На вид Робертсу было лет двадцать восемь. Спокойный молодой человек с мужественно красивым лицом и черными глазами. Нос с небольшой горбинкой придавал ему чуть-чуть индейский вид.
Когда их пути разошлись и Робертс вышел из машины, Остап решил нарушить обет молчания.
— Вы, Арчибальд, поспешили уехать из СССР, — мягко заметил он. — Там очень любят заботиться о других: о трудовом коллективе, о подрастающем поколении, о пролетариях всех стран. Там настолько стыдно заботиться о себе, что диву даешься, когда видишь опрятно одетого, улыбающегося гражданина. Видимо, некоторые отдельные, не изжитые еще элементы больше думают не об общественном строе и счастье человечества, а о себе и своей семье. Не кажется ли вам, что рядом с такими людьми чувствуешь себя спокойнее, комфортнее?
— Вы, ваше сиятельство, — ответил Ачибальд с нескрываемым презрением, — наиподлейший тип эгоиста: философствующий.
— Возможно, возможно, — Бендер нисколько не смутился. — Хотя я предпочел бы слово "эгоцентризм". Так или иначе, раз уж вы изволили разделить эгоистов на категории, то логично предположить, что и их противники — альтруисты тоже неоднородны. Некоторые из них, например, подбирают хич-хайкеров по зову души, другие — по приказу.
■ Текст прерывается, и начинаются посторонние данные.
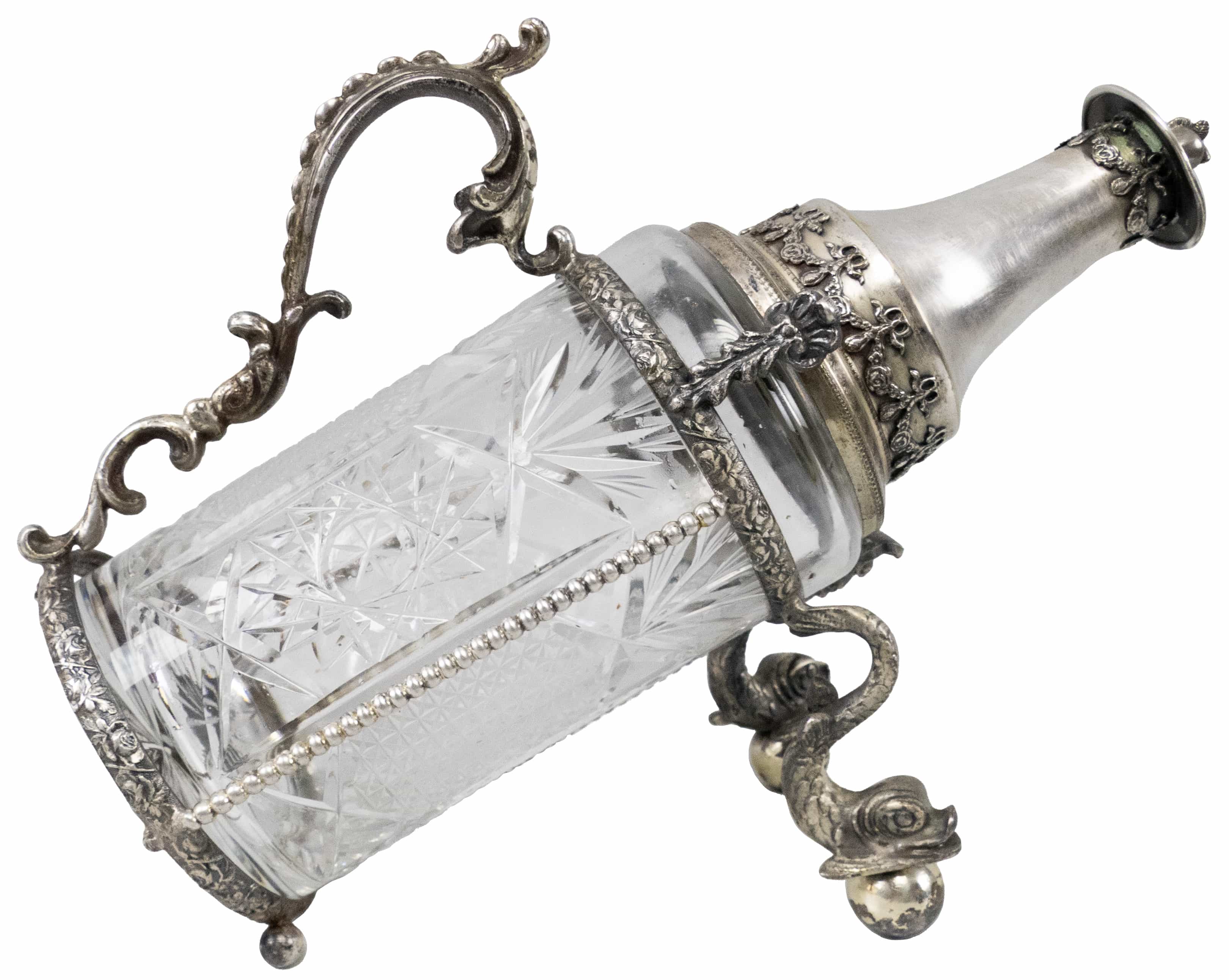 sticlă craclată, metal placat cu argint, marcată, H 25cm, perioada interbelică

— Я не заметил. У меня было плохое настроение. Вы придираетесь к частностям. Таких как Робертс — миллионы, сотни миллионов. Решать проблемы каждого по отдельности, это, выражаясь в вашем стиле, — разгребать гору дерьма чайной ложечкой. Нужны кардинальные решения. Когда вы это поймете?!
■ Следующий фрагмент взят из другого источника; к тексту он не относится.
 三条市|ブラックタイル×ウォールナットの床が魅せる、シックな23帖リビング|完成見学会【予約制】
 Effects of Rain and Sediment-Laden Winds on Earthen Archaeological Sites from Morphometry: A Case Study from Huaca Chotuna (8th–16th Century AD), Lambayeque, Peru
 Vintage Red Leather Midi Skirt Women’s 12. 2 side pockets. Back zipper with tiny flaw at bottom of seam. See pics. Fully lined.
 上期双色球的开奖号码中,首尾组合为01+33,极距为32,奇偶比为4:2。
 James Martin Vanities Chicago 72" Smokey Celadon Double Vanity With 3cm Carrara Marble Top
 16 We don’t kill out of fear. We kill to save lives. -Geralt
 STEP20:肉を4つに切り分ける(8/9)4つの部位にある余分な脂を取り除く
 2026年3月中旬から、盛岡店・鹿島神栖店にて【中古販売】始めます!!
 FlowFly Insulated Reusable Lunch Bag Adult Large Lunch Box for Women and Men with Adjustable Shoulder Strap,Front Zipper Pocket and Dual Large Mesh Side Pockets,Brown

— Ну да, взорвать, как вы выразились в моем стиле, гору дерьма, и все сразу окажутся в белых фраках.
— Не паясничайте!
— Видите ли, Арчибальд, давным-давно я выпросил у Людовика-Солнце его лозунг: "Государство — это я!" Можете наклеить мне ярлык анархиста или монархиста, но я действительно независимое государство со своей конституцией, территорией и валовым доходом.
— Территорией?! — деланно возмутился Спивак. — Это моя машина!
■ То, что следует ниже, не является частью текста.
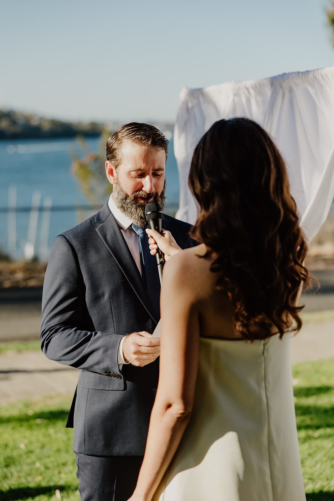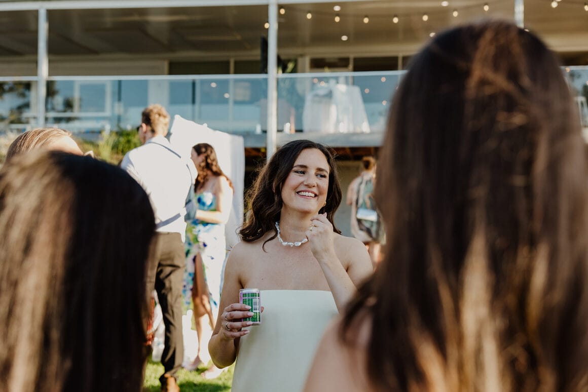 “Guests had started arriving while my family was still trying to set up our ceremony backdrop, which kept blowing over in the wind! My poor brother was running around in shorts, trying to help fix it in time. In the end, they had to cut the fabric down the middle and wrap it around the frame to make it stay put. It wasn’t the original plan, and it ended up uneven, but it was there and it gave us all a good laugh.”
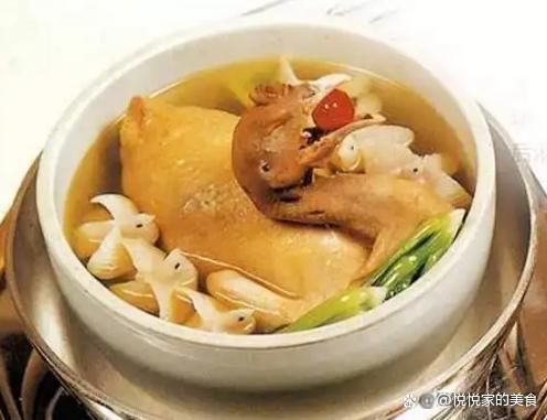 這菜又稱為是“五元神仙雞”,據(jù)傳在清代就已有記載,做法是將雞處理干凈,也可以在雞肚里塞入黃芪,放入容器里加入醬油,隔湯干燉,燉雞時用的黃芪還可以改用荔枝,桂圓,紅棗,蓮子,枸杞子一起搭配,燉出來香味更濃,營養(yǎng)極為滋補。
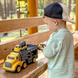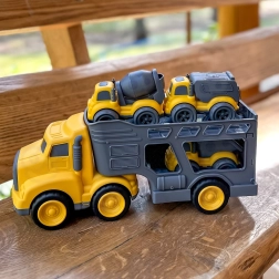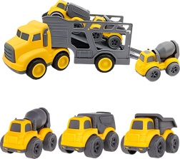 Αυτό το πολυχρηστικό σετ 4σε1 από τη WOOPIE φέρνει τον κόσμο της κατασκευής απευθείας στο παιδικό δωμάτιο. Το μεγάλο ρυμουλκό με αποσπώμενη πλατφόρμα μεταφέρει εύκολα τρία συμπαγή οχήματα, τα οποία, χάρη στα κινητά μέρη και την τριβοκίνητη λειτουργία στα μικρά αυτοκίνητα, ενισχύουν το ενεργητικό παιχνίδι και την ανάπτυξη λεπτής και αδρής κινητικότητας.
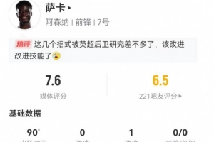 nba直播12月28日讯 阿森纳在本轮英超对阵布莱顿,萨卡本场数据如下:
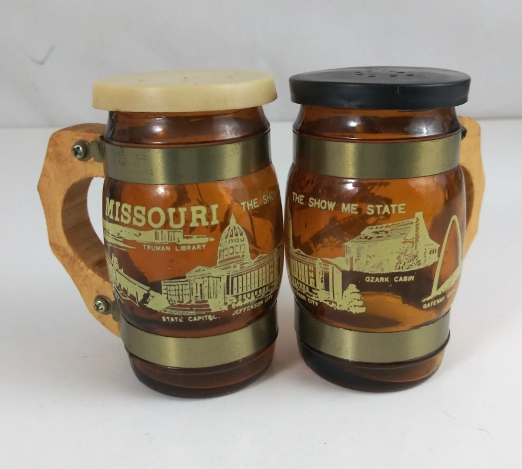 This is for a Vintage Gateway Arch Missouri Souvenir Barrel Mug Salt Pepper Shakers.
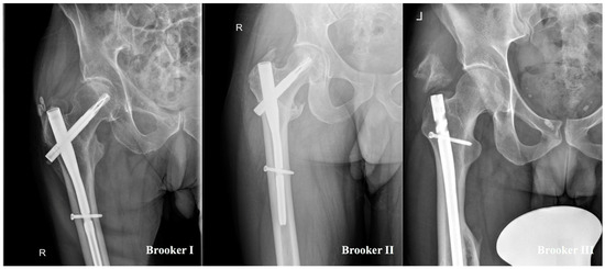 Figure 2 demonstrates the different stages of the Brooker classification in a standardized hip X-ray in the present study. In the polytrauma group, Brooker stage I and II were documented in four (33.3%) patients each, and stage III in only one (8.3%) patient. In the single-extremity cohort, Brooker stage I was documented three (12.5%) times and stage II two (8.3%) times. Brooker stage IV was not observed in the present study.
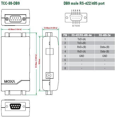 Moxa TCC-80-DB9 Serieller Konverter/Repeater/Isolator RS-232 RS-422/485 (TCC-80-DB9)
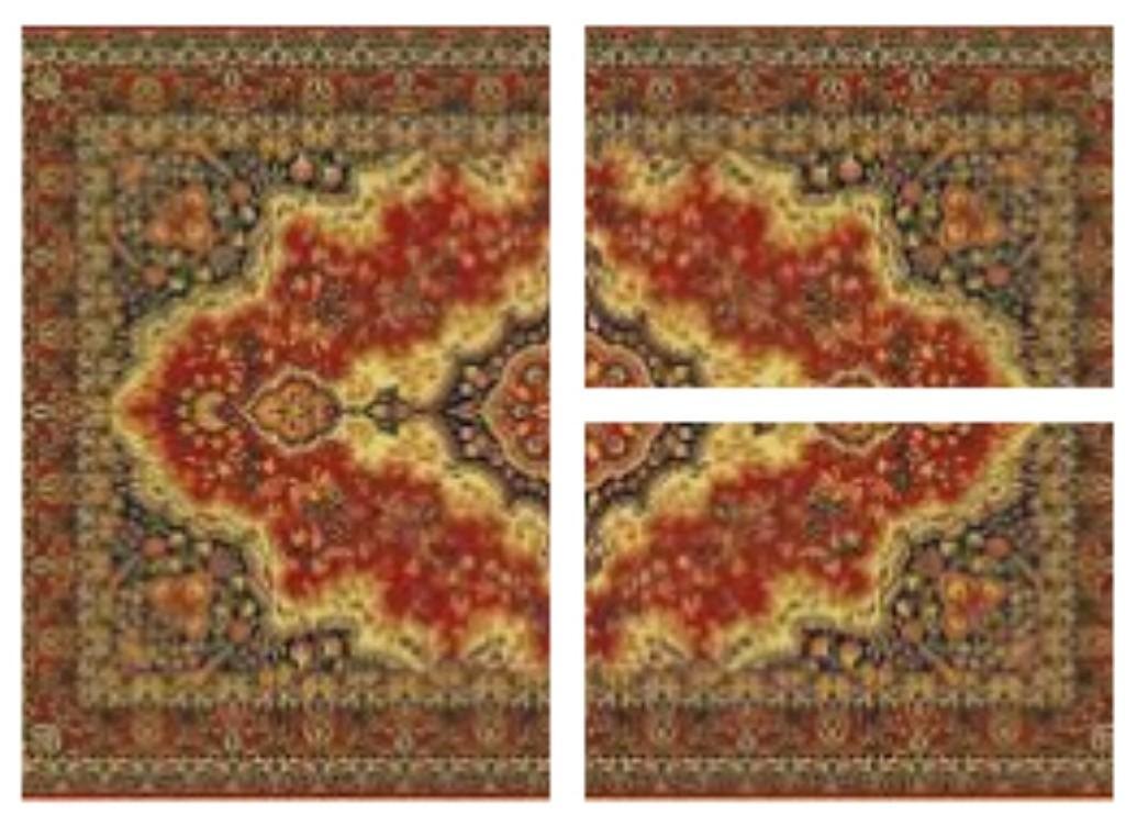 Коврик разделен на 3части, как показано на рисунке. Верно ли, что каждая часть равна 1/3 части всего ковра?

— Успокойтесь, — Остап даже не повернул головы. — Моя территория — это я сам… Континенты дрейфуют. Земля вертится вокруг Солнца. Светило носится вокруг центра Галактики. Галактика летит черт знает куда в глубины Вселенной. Почему же я — малюсенькое государство Остап Бендер — не могу переместиться на одну сотую световой секунды? — великий комбинатор победоносно взглянул на компаньона. Тот подавленно молчал.
Командор вздохнул.
— Не могу сказать, что быть государством очень приятно: ответственность большая. И если я когда-нибудь встречу государство побольше, с которым смогу договориться о честном распределении обязанностей, то я с удовольствием это сделаю. А пока… как говорил один знакомый лектор: "Что касается баранов, то таковые передвигаются стадами". Но я не хочу. Понимаете? Я — не хочу. Демонстрации, митинги, политпосиделки — это не для меня. Никогда, слышите, никогда Остап-Сулейман Бендер-бей не протягивал руки "за" и "против"! Все "за" и "против" я взвешиваю на одной чаше. Когда вы это поймете?!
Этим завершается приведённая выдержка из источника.